Your wife photos attached
For programmers, performing at least some system administration tasks is usually unavoidable. However, like most programmers, I hate dealing with the intricacies of keeping a server up and running properly.
So when my home mail server underwent a routine upgrade and stopped accepting logins, I ignored it for the time being. (The mail accounts it administered were way down on the priority list, which didn’t help in motivating a fix.)
Fast forward seven months. I finally got too fed up with the little warning icon in Mail alerting me to the fact that my authentication failed, and after three or four hours of digging I found the problem: a misconfiguration in
courier-authlib, which handled login information being passed through the postfix system.
Despite not being all the way back up to par, the system worked enough for me to finagle a login and start reading mail. So what do you find when you run a mail server accepting messages for seven months with nobody watching it and no spam filter?

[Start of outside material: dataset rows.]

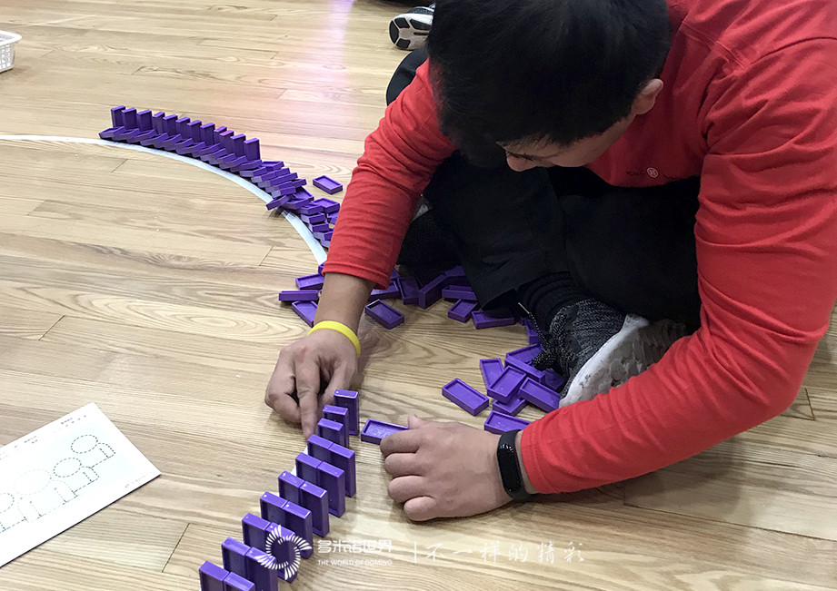 活動(dòng)開(kāi)始后,多米諾世界的老師細(xì)致講解了今天的活動(dòng)目標(biāo)、任務(wù)內(nèi)容和完成方法后,小伙伴們信心滿滿地進(jìn)入場(chǎng)地,分組進(jìn)行骨牌碼放。身著紅色的服裝小伙伴們認(rèn)真完成著自己的骨牌碼放任務(wù),遠(yuǎn)遠(yuǎn)看去就像一簇簇紅色的火焰在流動(dòng),一片紅紅火火的景象。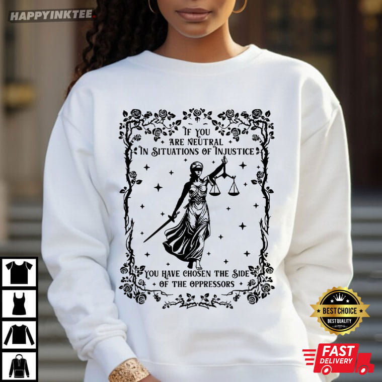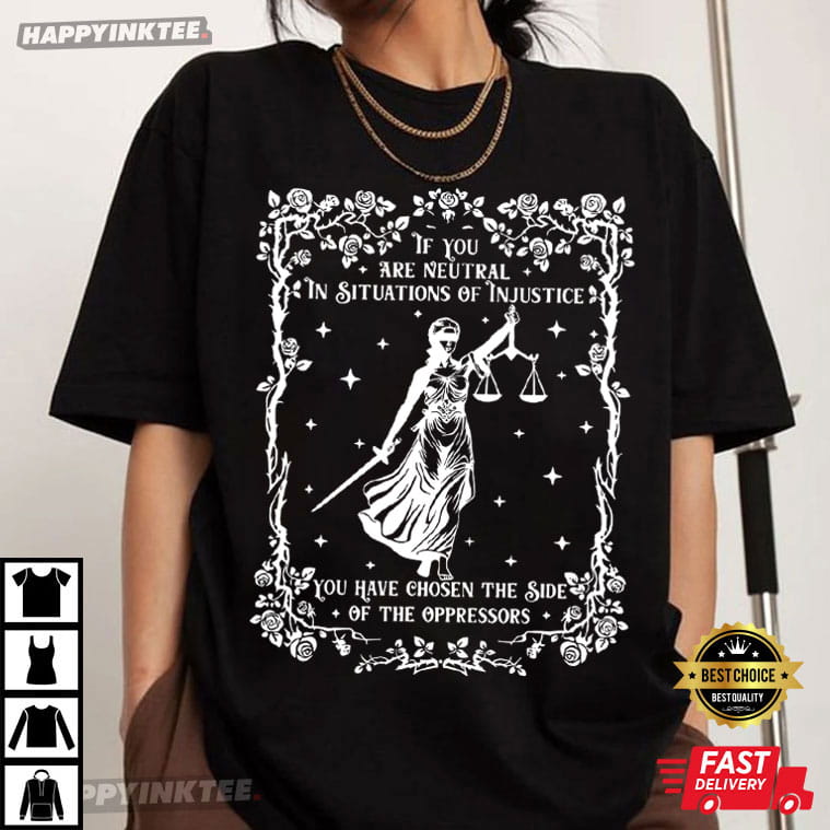 There are some t-shirts that do more than just look good; they say something. The “If You Are Neutral in Situations of Injustice, You Have Chosen the Side of the Oppressor” Liberal Feminist Social Justice T-Shirt is exactly what it sounds like: a bold, unapologetic shirt that stands up for feminism, social justice, and the idea that it’s not okay to stay quiet when you see inequality. This shirt doesn’t just talk; it yells about how important it is to stand up for other people’s rights, no matter what the scenario or who is watching.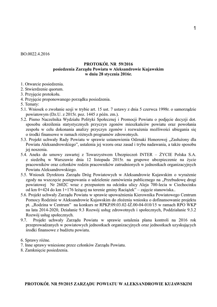 1 BO.0022.4.2016 PROTOKÓŁ NR 59/2016 posiedzenia Zarządu Powiatu w Aleksandrowie Kujawskim w dniu 28 stycznia 2016r. 1. Otwarcie posiedzenia. 2. Stwierdzenie quorum. 3. Przyjęcie protokołu. 4. Przyjęcie proponowanego porządku posiedzenia. 5. Tematy: 5.1. Wniosek o zwołanie sesji w trybie art. 15 ust. 7 ustawy z dnia 5 czerwca 1998r. o samorządzie powiatowym (Dz.U. z 2015r. poz. 1445 z późn. zm.). 5.2. Pismo Naczelnika Wydziału Polityki Społecznej i Promocji Powiatu o podjęcie decyzji dot. sposobu określenia statystycznych przyczyn zgonów mieszkańców powiatu oraz powołania zespołu w celu dokonania analizy przyczyn zgonów i rozważenia możliwości ubiegania się o środki finansowe w ramach różnych programów zdrowotnych. 5.3. Projekt uchwały Rady Powiatu w sprawie ustanowienia Odznaki Honorowej „Zasłużony dla Powiatu Aleksandrowskiego”, ustalenia jej wzoru oraz zasad i trybu nadawania, a także sposobu jej noszenia. 5.4. Aneks do umowy zawartej z Towarzystwem Ubezpieczeń INTER – ŻYCIE Polska S.A. z siedzibą w Warszawie dnia 12 listopada 2015r. na grupowe ubezpieczenie na życie pracowników oraz członków rodzin pracowników zatrudnionych w jednostkach organizacyjnych Powiatu Aleksandrowskiego. 5.5. Wniosek Dyrektora Zarządu Dróg Powiatowych w Aleksandrowie Kujawskim o wyrażenie zgody na wszczęcie postępowania o udzielenie zamówienia publicznego na „Przebudowę drogi powiatowej Nr 2602C wraz z przepustem na odcinku ulicy Aleja 700-lecia w Ciechocinku od km 0+424 do km 1+176 leżącej na terenie gminy Raciążek” – zajęcie stanowiska.. 5.6. Projekt uchwały Zarządu Powiatu w sprawie upoważnienia Kierownika Powiatowego Centrum Pomocy Rodzinie w Aleksandrowie Kujawskim do złożenia wniosku o dofinansowanie projektu pt. „Rodzina w Centrum” na konkurs nr RPKP.09.03.02-IŻ.00-04-010/15 w ramach RPO WKP na lata 2014-2020, Działanie 9.3 Rozwój usług zdrowotnych i społecznych, Poddziałanie 9.3.2 Rozwój usług społecznych. 9.7. Projekt uchwały Zarządu Powiatu w sprawie ustalenia planu kontroli na 2016 rok przeprowadzanych w powiatowych jednostkach organizacyjnych oraz jednostkach uzyskujących środki finansowe z budżetu powiatu. 6. Sprawy różne. 7. Inne sprawy wniesione przez członków Zarządu Powiatu. 8. Zamknięcie posiedzenia. PROTOKÓŁ NR 59/2015 ZARZĄDU POWIATU W ALEKSANDROWIE KUJAWSKIM 2 Ad. 1. Pan Dariusz Wochna Starosta Aleksandrowski – otwieram posiedzenie Zarządu Powiatu w Aleksandrowie Kujawskim. Witam członków Zarządu Powiatu, Członka Zarządu Powiatu pana Lotfi Mansoura, Skarbnika Powiatu panią Dorotę Sobierajską i Sekretarza Powiatu pana Piotra Marciniaka. Posiedzenie Zarządu Powiatu zostało otwarte o godzinie 10:00. Ad. 2. Pan Dariusz Wochna – stwierdzam quorum. W posiedzeniu nie uczestniczy Wicestarosta pan Wojciech Marjański. Posiedzenie jest prawomocne i Zarząd może podejmować uchwały. Lista obecności stanowi załącznik do protokołu. Ad 3. Pan Dariusz Wochna – Pan Dariusz Wochna – proponuję przyjąć bez czytania protokół nr 58/2016 posiedzenia Zarządu Powiatu z dnia 20 stycznia 2016r. Czy są uwagi, propozycje zmian, czy uzupełnień do przedłożonego protokołu nr 58/2016 posiedzenia Zarządu Powiatu w dniu 20 stycznia 2016r.? Nie widzę. Proponuję przyjąć go bez czytania. Przebieg głosowania: Za – 2, Przeciw – nie było, Wstrzymujących się – nie było. Jednogłośnie. Członkowie Zarządu Powiatu, w wyniku głosowania przyjęli protokół nr 58/2016 posiedzenia Zarządu Powiatu z dnia 20 stycznia 2016r. Ad 4. Pan Dariusz Wochna – przechodzimy do proponowanego porządku dzisiejszego posiedzenia. Proponuję rozszerzyć porządek o punkty: 5.4. Aneks do umowy zawartej z Towarzystwem Ubezpieczeń INTER – ŻYCIE Polska S.A. z siedzibą w Warszawie dnia 12 listopada 2015r. na grupowe ubezpieczenie na życie pracowników oraz członków rodzin pracowników zatrudnionych w jednostkach organizacyjnych Powiatu Aleksandrowskiego. 5.5. Wniosek Dyrektora Zarządu Dróg Powiatowych w Aleksandrowie Kujawskim o wyrażenie zgody na wszczęcie postępowania o udzielenie zamówienia publicznego na „Przebudowę drogi powiatowej Nr 2602C wraz z przepustem na odcinku ulicy Aleja 700-lecia w Ciechocinku od km 0+424 do km 1+176 leżącej na terenie gminy Raciążek” – zajęcie stanowiska.. 5.6. Projekt uchwały Zarządu Powiatu w sprawie upoważnienia Kierownika Powiatowego Centrum Pomocy Rodzinie w Aleksandrowie Kujawskim do złożenia wniosku o dofinansowanie projektu pt. „Rodzina w Centrum” na konkurs nr RPKP.09.03.02-IŻ.00-04-010/15 w ramach RPO WKP na lata 2014-2020, Działanie 9.3 Rozwój usług zdrowotnych i społecznych, Poddziałanie 9.3.2 Rozwój usług społecznych. PROTOKÓŁ NR 59/2015 ZARZĄDU POWIATU W ALEKSANDROWIE KUJAWSKIM 3 9.7. Projekt uchwały Zarządu Powiatu w sprawie ustalenia planu kontroli na 2016 rok przeprowadzanych w powiatowych jednostkach organizacyjnych oraz jednostkach uzyskujących środki finansowe z budżetu powiatu. Kto jest za? Dziękuję. Przebieg głosowania: Za – 2, Przeciw – nie było, Wstrzymujących się – nie było. Jednogłośnie. Pan Dariusz Wochna – czy są inne wnioski o zmianę porządku posiedzenia? Nie widzę. Kto jest za przyjęciem porządku posiedzenia? Dziękuję. Przebieg głosowania: Za – 2, Przeciw – nie było, Wstrzymujących się – nie było. Jednogłośnie. Porządek posiedzenia Zarządu Powiatu, stanowi załącznik do protokołu. Ad 5.1. Wniosek o zwołanie sesji w trybie art. 15 ust. 7 ustawy z dnia 5 czerwca 1998r. o samorządzie powiatowym (Dz.U. z 2015r. poz. 1445 z późn. zm.). Pan Dariusz Wochna – przechodzimy do punktu 5.1. Wniosek o zwołanie sesji w trybie art. 15 ust. 7 ustawy z dnia 5 czerwca 1998r. o samorządzie powiatowym (Dz.U. z 2015r. poz. 1445 z późn. zm.). W związku z ogłoszonym przez Ministerstwo Infrastruktury i Rozwoju naborem wniosków o dofinansowanie w 2016 roku dr

- Over 300 spam messages, most of them designed to look as though someone had pictures of my nonexistent “wife” and was emailing me a sampler. How kind. (Other varieties included messages designed to look like business memos and the standard male-enhancement ads.)

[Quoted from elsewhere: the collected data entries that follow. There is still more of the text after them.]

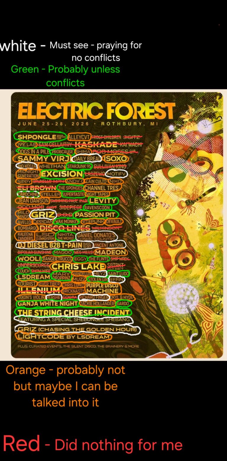 MichiganElectric Forest After 12 Years at Forest, Redditor Color-Codes Electric Forest 2026 Lineup — Community Reacts January 23, 2026 View Full Post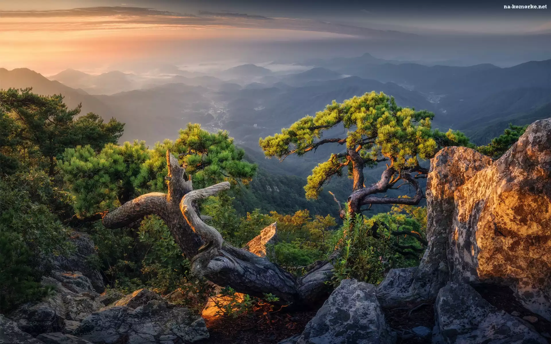 Kamienie, Chmury, Góry, Wschód słońca, Drzewa, Sosny, Skały na Komórkę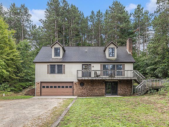 Welcome to your serene retreat in Cedar Springs! Nestled on over two wooded acres and bordered on two sides by state land, this 3 bed, 3 full bath home offers privacy and space to spread out. A two-stall attached garage plus a detached 24x28 garage provide plenty of room for vehicles, hobbies, or storage. Inside, the main floor features a light-filled living room with fireplace, dining area flowing into the kitchen, and slider to a large rear deck. The primary suite includes a beautifully tiled walk-in shower, with a second bedroom, full bath, and laundry also on the main level. Upstairs you'll find a third bedroom, third full bath, and a second living room (or potential 4th bedroom). The finished walkout basement is perfect for entertaining with a wet bar, pool table, and additional living space. This home combines comfort, functionality, and natural beauty. Schedule your showing today!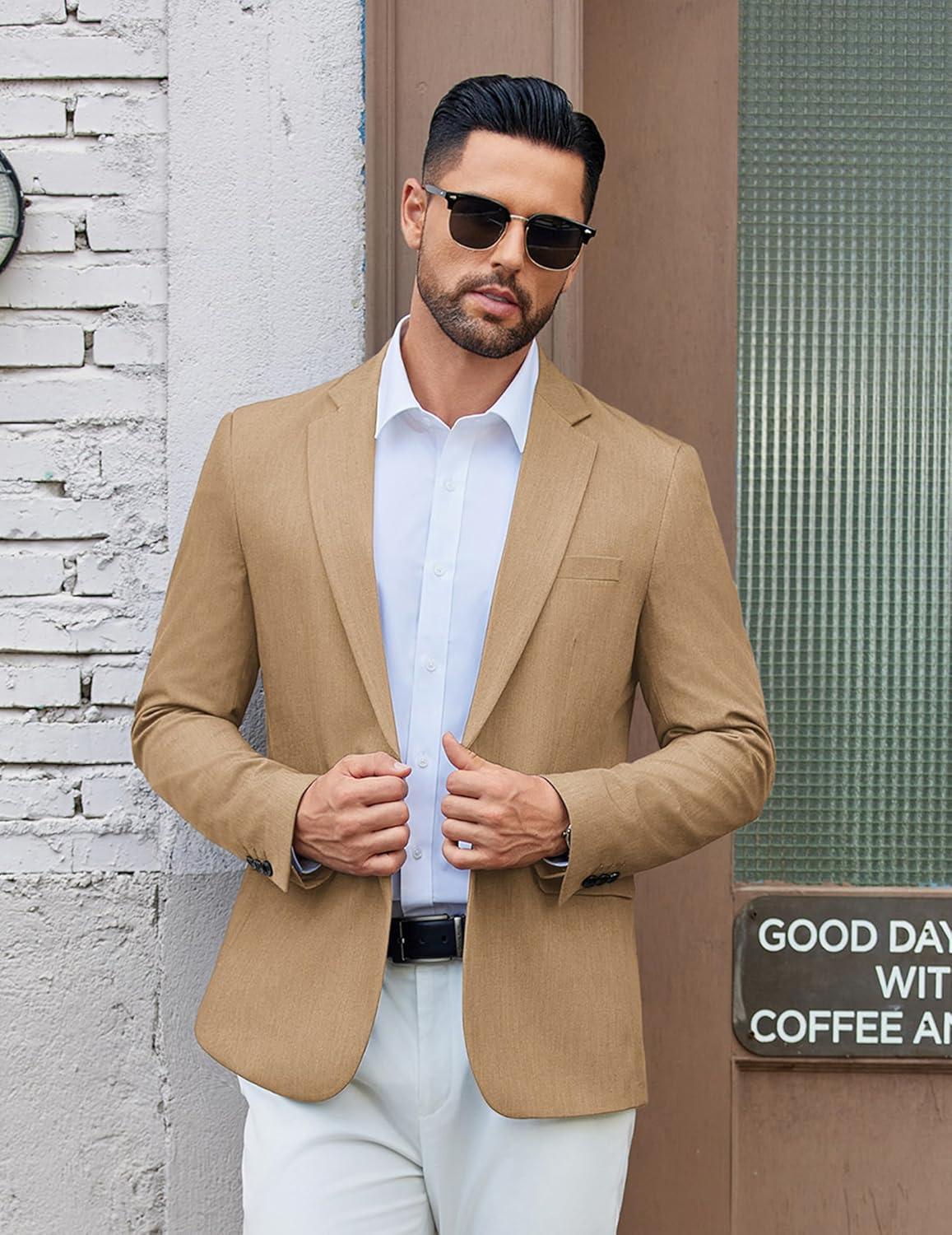 COOFANDY Men’s Casual Blazer Slim Fit Sport Coat Suit Jacket Lightweight Two Button Blazer Jacket(Light Khaki)

- 30 or so order confirmations from Amazon. Apparently I had completed an order using this email address just before the login stopped working, and for whatever convoluted reason Amazon decided to send the same order confirmation repeatedly, once every half hour, for almost a day.
- One sudoers warning about a failed elevation attempt from back in October. (I mistyped a password.)
- 224 daily cron notifications from various subsystems on the server.
- Six messages from the various -announce mailing lists that account was following.
- One notification from this very WordPress system about a pending comment - I approved the comment about three weeks later because I had never seen the notification (sorry Will!).
Now the task is to clean up the garbage emails and decide what to do about the rest. And while I’m at it: does anyone have a recommendation for a Postfix-compatible spam filter?